As we move to the inside, we find Omron switches used for the right and left click buttons, but secondary switches all use pad style switches for functionality. To read the movement of this mouse, Cougar has employed the Avago ADNS 9800 laser sensor with its 12000 FPS, 150 IPS, and 30 G tracking capabilities. The DPI tops out at 8200, but starts at 50 DPI, and adjusts in 50 DPI increments. On top of that, the communications and storage are handled through the 32-bit ARM Cortex M0 MCU. This also allows for 512KB of onboard storage, and when combined with the functionality of the UIX software, you can easily fill up that space over three profiles and eight programmable buttons.
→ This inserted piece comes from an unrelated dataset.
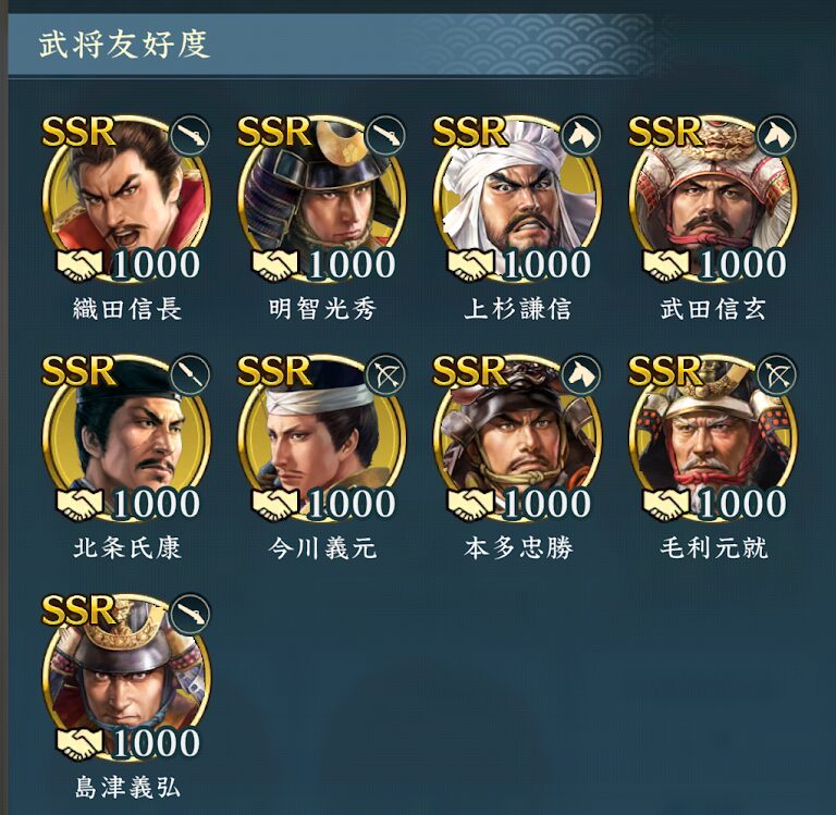 これら9人は最初期から登場しているSSR900武将達となります。

We find almost everything the 700M is built upon in the 600M, and the components in the 600M should deliver a mouse that is functionally just as nice as the 700M. The only major difference is the exotic materials and color schemes have been toned down this time around, to the tune of about $20 in savings. That is right, while the 700M would set you back very close to $80, we were able to locate the 600M for around $60 on in either black as we received, or the orange version if you like bright mice.

For those of you who liked what the 700M brought to the table, but thought it was too over the top for your needs, the 600M is just as capable in a fresh, more subdued design, making for an easy choice. For those of you on the outside just looking for a new mouse to game with, we feel that it is well worth your time to have a deeper look at the 600M as well - it is just that well equipped.

PRICING: You can find the Cougar 600M for sale below. The prices listed are valid at the time of writing, but can change at any time. Click the link to see the very latest pricing for the best deal.

United States: The Cougar 600M in black retails for $56.69 at Amazon, and the Cougar 600M in orange retails for $57.94 at Amazon.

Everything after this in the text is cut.